Gravitational wave propagation in generalized hybrid metric-Palatini gravity

TL;DR

This paper investigates how gravitational waves propagate in hybrid metric-Palatini gravity, revealing additional polarization modes and scalar degrees of freedom, and discusses the potential for the theory to mimic General Relativity through fine-tuning.

Contribution

The study provides a detailed analysis of gravitational wave modes in hybrid metric-Palatini gravity, including polarization states and scalar modes, using the Newman-Penrose formalism.

Findings

Tensor modes propagate at light speed with standard polarizations.

Two additional scalar modes are massive and propagate slower than light.

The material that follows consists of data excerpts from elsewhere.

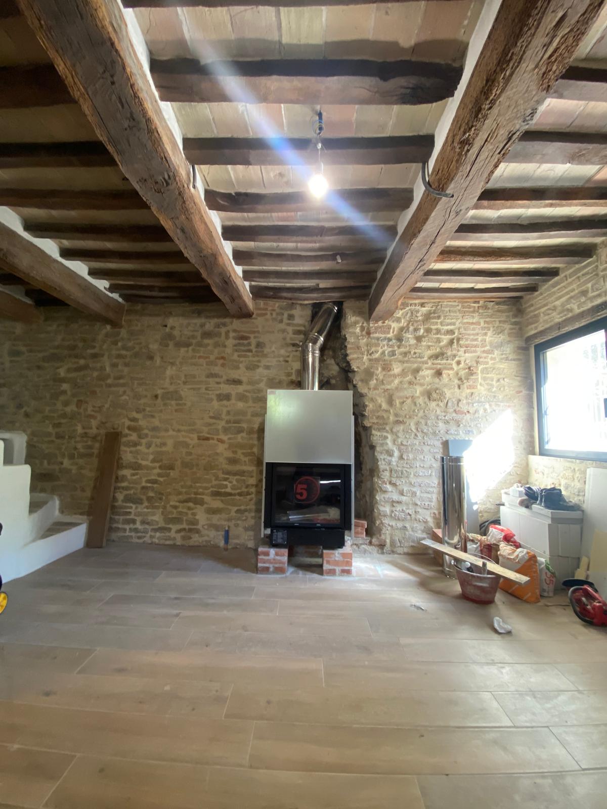 use the same image add a rustic fireplace using stone wood and white plaster add spotlights to light the room add some plants and a couch add countryside landscape outside the widow
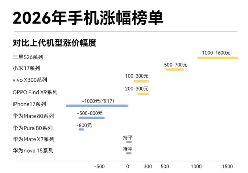 第三方机构 Countpoint 研报显示,2026 年第一季度存储芯片价格的大幅上涨,已导致智能手机入门级产品总物料清单(BOM)成本环比增长超 20%。继 OPPO、一加之后,vivo 与 iQOO 也于近期官宣调整部分产品建议零售价,行业集体涨价的趋势已然成型。
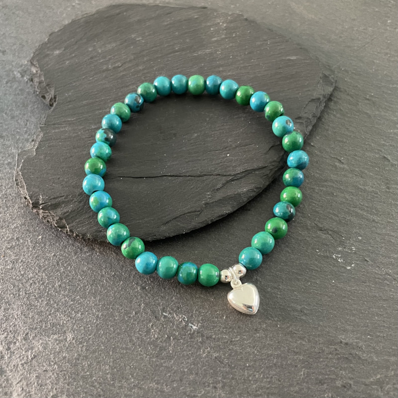 Chryscolla and Azurite and Sterling Silver Puffy Heart Charm stretchy bracelet, bead size approx 8mm. Fits wrist size 7". Supplied in a white organza bag.
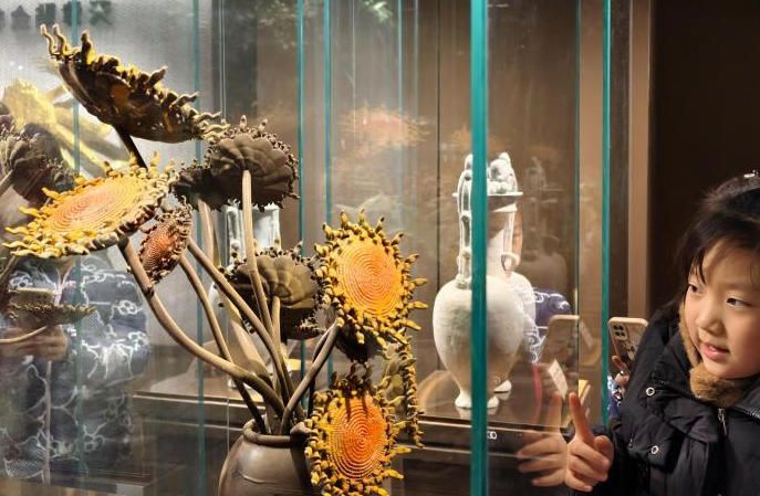 1月2日,天津,市民和游客在巧克力博物馆参观“燃烧的向日葵”雕塑。(中新网)
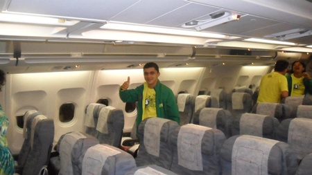 No interior do avião que o levou para Madrid
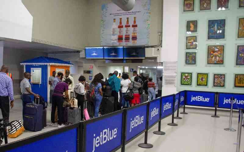 People wait in line for a flight at Toussaint Louverture Airport in Port-au-Prince on May 20, 2024. [AFP]
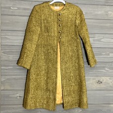Doris Chism Vintage Tweed Coat Green Gold Womens S/M 60’s Retro Mid Century
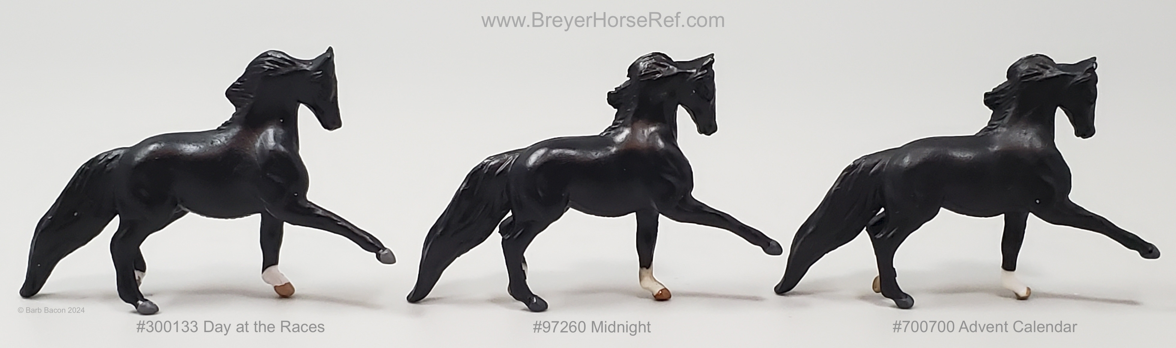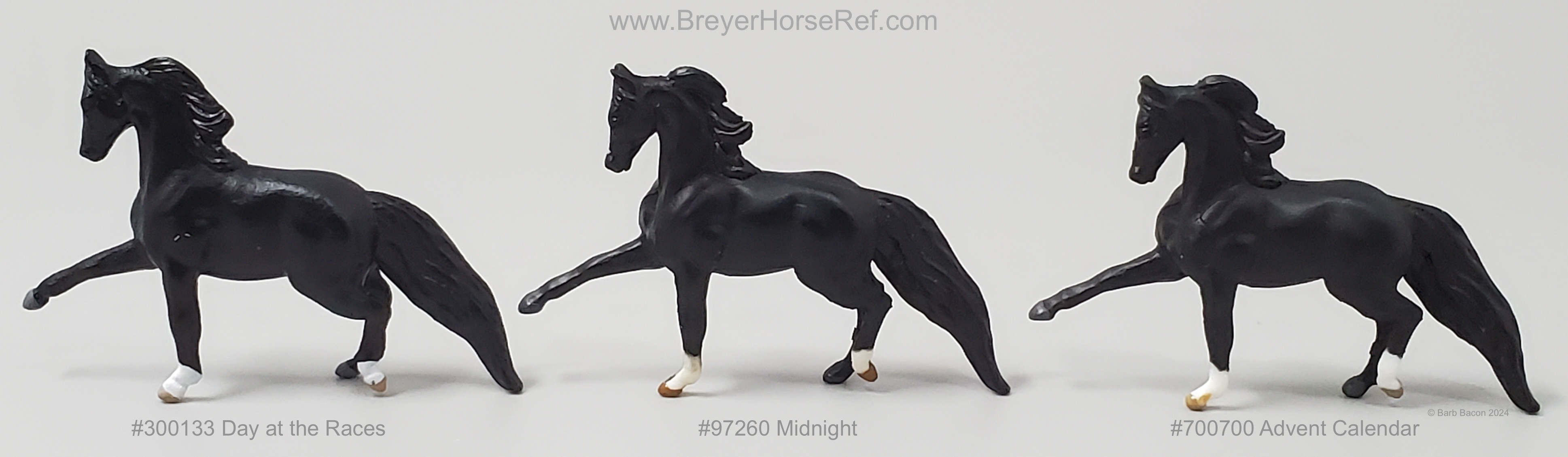 This model has the same color and pattern as #300133 Day at the Races, #97260 Midnight and #700700 Advent Calendar. The Advent Calendar model has white plastic markings; whereas the others have painted white markings. Hoof colors vary slightly between each model. Individual records created for each of these models as they all have multiple accessories.
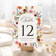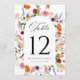 Guide your guests to their seats with this Colorful Watercolor Wildflower Wedding Table Number, featuring an elegant arch-shaped floral frame filled with wildflowers in shades of pink, orange, burgundy, purple, red, and yellow accented with soft greenery. “Table” is displayed at the top in graceful calligraphy lettering, with the table number, couple’s names, and wedding date shown below in a clean, refined layout. The larger 5"x7" size offers excellent visibility for reception tables and is available for professional printing or as an instant download for convenient at-home printing. Perfect for garden weddings, outdoor receptions, and floral wedding themes, this botanical table number coordinates beautifully with matching wildflower wedding stationery. Edit each table number individually and add them to your cart to ensure a smooth ordering process.
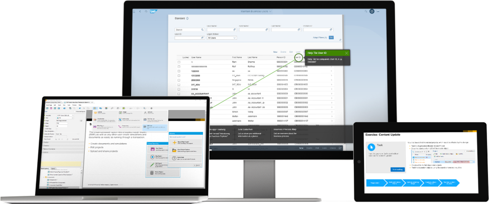 Reduce learning curves with contextually-relevant, timely, and proactive enablement content. Improve user adoption and the efficiency of software programs across your enterprise with e-learning content development that works for your employees. Provide the knowledge your employees need to succeed with SAP Enable Now. Advanced capabilities help you improve productivity, user adoption and the end-user experience, while creating, maintaining, and delivering performance support, learning material, and documentation content. Drive user adoption naturally and speed learning curves with contextually-relevant, timely, and proactive enablement content, directly within the solution. Start learning in the classroom, create online courses quickly, provide a knowledge portal for explorative learning, and deliver in-app performance support. Boost the value of your most important asset – your people – by using unique, customized, and cost-efficient training for faster time to competence.
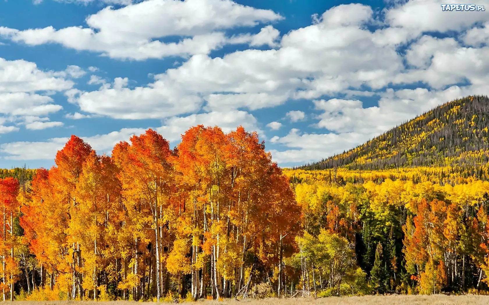 Tapeta Jesienny, Las, Wzgórza, Obłoki
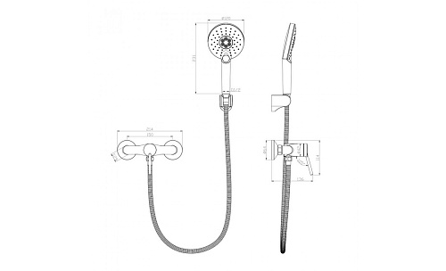 • Аксессуары в комплекте: шланг 1,5 м, настенное поворотное крепление для лейки, 3-функциональная лейка Ø120x240 мм
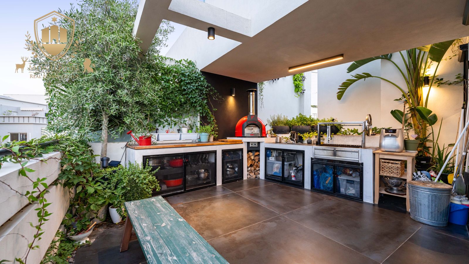 - 2 מטבחי חוץ, כולל מטבח חוץ ענק עם טאבון, מנגל יוקרתי והמון שטח אחסון
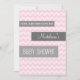Convites personalizados para bebês em elegante e moderno pastel claro, cor-de-rosa-bebê, cinza de carvão escuro e padrão de listras retrô chevron zigzags branco. Personalizável com seu texto, entre em contato conosco para solicitar uma alteração de cor.
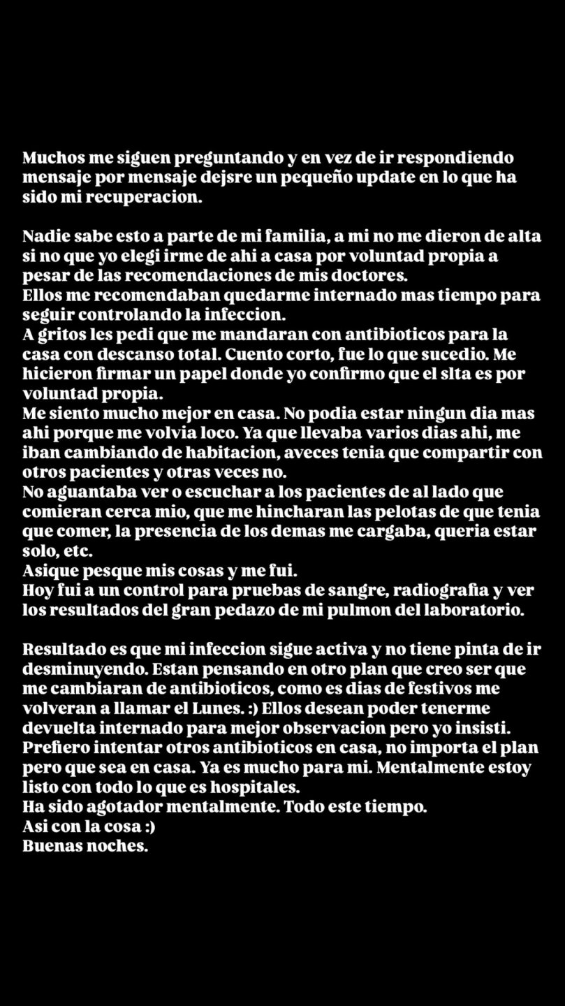 A través de su comunicado en su cuenta de Instagram, Leo reveló: "Nadie sabe esto aparte de mi familia, a mí no me dieron de alta, sino que yo elegí irme de ahí a casa por voluntad propia, a pesar de las recomendaciones de mis doctores"
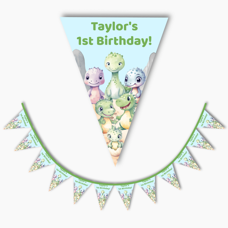 Are you tired of generic party decorations that lack personality? Look no further than our Personalised Cute Baby Dinosaurs Party Flag Bunting! Perfect for any occasion, our bunting is customisable with your choice of text and images. This is not your ordinary bunting decoration - it's a unique and customisable design that will make your special occasion stand out from the rest.
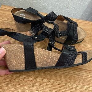 Taos Footwear Women's Julia Wedge Strappy Sandals Black Sz 8-8.5
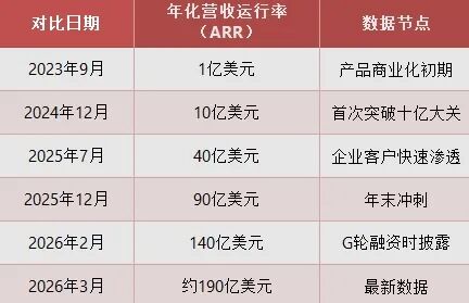 Anthropic的营收增长数据令人瞠目结舌。根据公司官方披露和彭博社、CNBC等权威媒体报道:
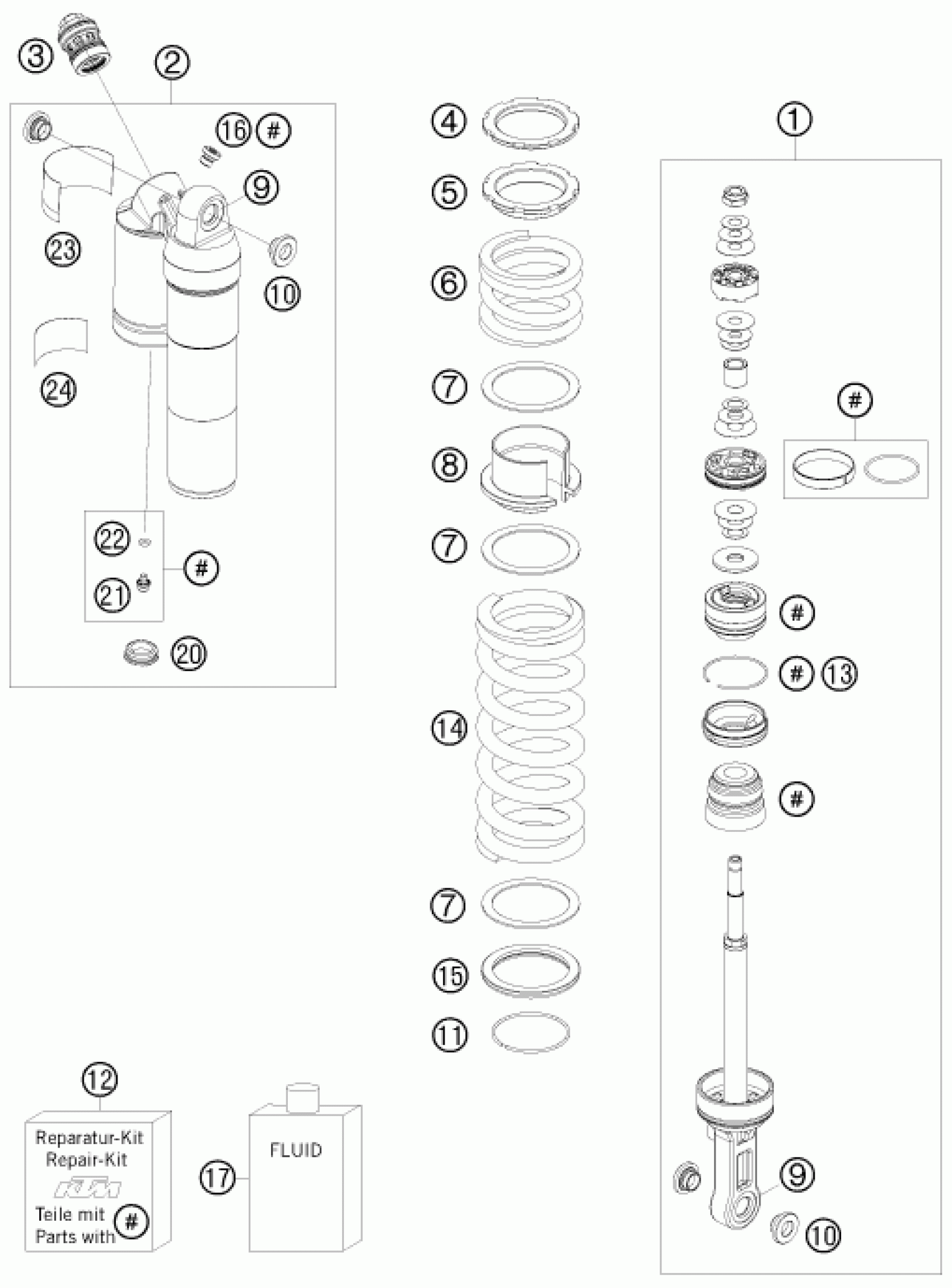 KTM 450 SX ATV 2009 SHOCK ABSORBER DISASSEMBLED Diagram

The scalar mode masses depend on the interaction potential, allowing for potential fine-tuning.

Abstract

In this work we analyze the propagation properties of gravitational waves in the hybrid metric-Palatini gravity theory. We introduce the scalar-tensor representation of the theory to make explicit the scalar degrees of freedom of the theory and obtain their equations of motion in a form decoupled from the metric tensor. Then, we introduce linear perturbations for the metric tensor and for the two scalar fields and obtain the propagation equations for these three quantities. We analyzed the theory both at non-linear and at linear level through the Newman-Penrose formalism so to find the polarization states. We show that the tensor modes propagate at the speed of light and feature the usual +- and x-polarization modes also present in General Relativity (GR), plus two additional polarization modes: a longitudinal mode and a breathing mode, described by the same additional degree of freedom. On the other hand, the theory features two additional scalar modes not present in GR. These modes are massive and, thus, propagate with a speed smaller than the speed of light in general. The masses of the scalar modes depend solely on the interaction potential between the two scalar fields in the theory, which suggests that one can always fine-tune the potential to make the scalar modes massless and reduce their propagation speed to the speed of light. Given the possibility of fine-tuning the theory to match the observational predictions of GR and in the absence of any measured deviations, these features potentially render the hybrid metric-Palatini theory unfalsifiable in the context of gravitational wave propagation.